I currently do all my mixing on the headphones that came with my Focusrite Scarlett Studio package, so this should be an upgrade by any stretch of the imagination! 

They also have the Rokit KRK 5 Gen 3 in gold for $99.99, but the Buffalo store only has one (not one pair, just one!). Still, if you're in no hurry, they could ship one from another store to make a pair. The black ones are $149.50, so the gold color must be very unpopular!


----------



## 59burst (May 27, 2010)

OK, I got these on Monday, and have been listening to them. They sound quite good, and very balanced. I won't have time to really put them through their paces with some mixes and comparing to headphones and my regular stereo speakers for a couple weeks, but the early indication is great, and I'm pretty stunned for the price.

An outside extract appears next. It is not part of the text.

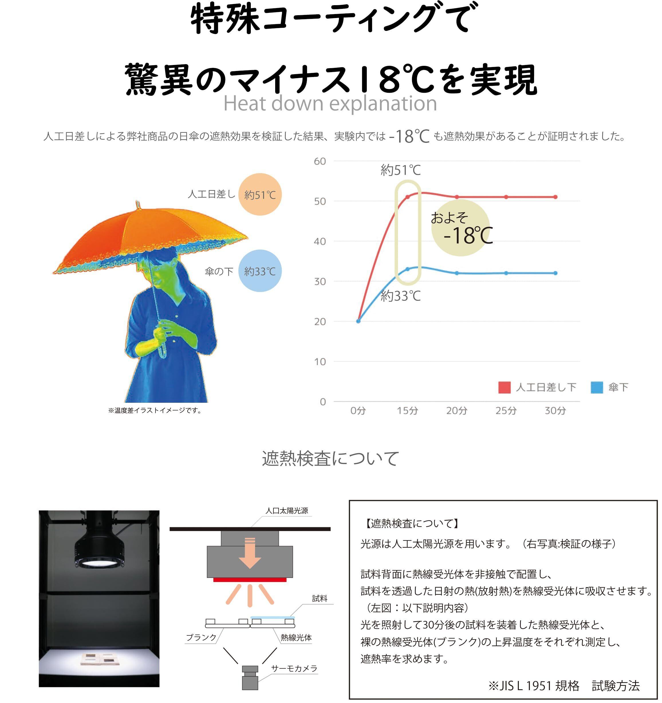 圧倒的な耐熱耐UV素材採用。内側を特殊コーティング、一級遮光でしっかり遮熱。紫外線もUV99.9%カット、UPF指数も最大の50+を実現。しっかりギラギラ太陽から守ってくれます。

Some reviews have mentioned a hiss/buzz even without signal, but mine are silent.


----------



## Steadfastly (Nov 14, 2008)

You got a great deal. They are now $180.00 each.


----------



## 59burst (May 27, 2010)

I just got an e-mail from GC, and they are on sale for $89 each for Father's Day. Even cheaper than I got them for!

http://www.guitarcenter.com/Pro-Audio.gc?pcid=5071&ipp=25&icid=401485


----------



## copperhead (May 24, 2006)

59burst said:


> I just got an e-mail from GC, and they are on sale for $89 each for Father's Day. Even cheaper than I got them for!
> 
> http://www.guitarcenter.com/Pro-Audio.gc?pcid=5071&ipp=25&icid=401485


Thanks ......Just what I was looking for ..Ordered them last night


----------



## copperhead (May 24, 2006)

Any one know how long it takes for Guitarcenter to process an order ?
Ordered the Monitors on Sunday night & now it's Thursday night 
I did get an order confirmation from Borderfree but that's it ...


----------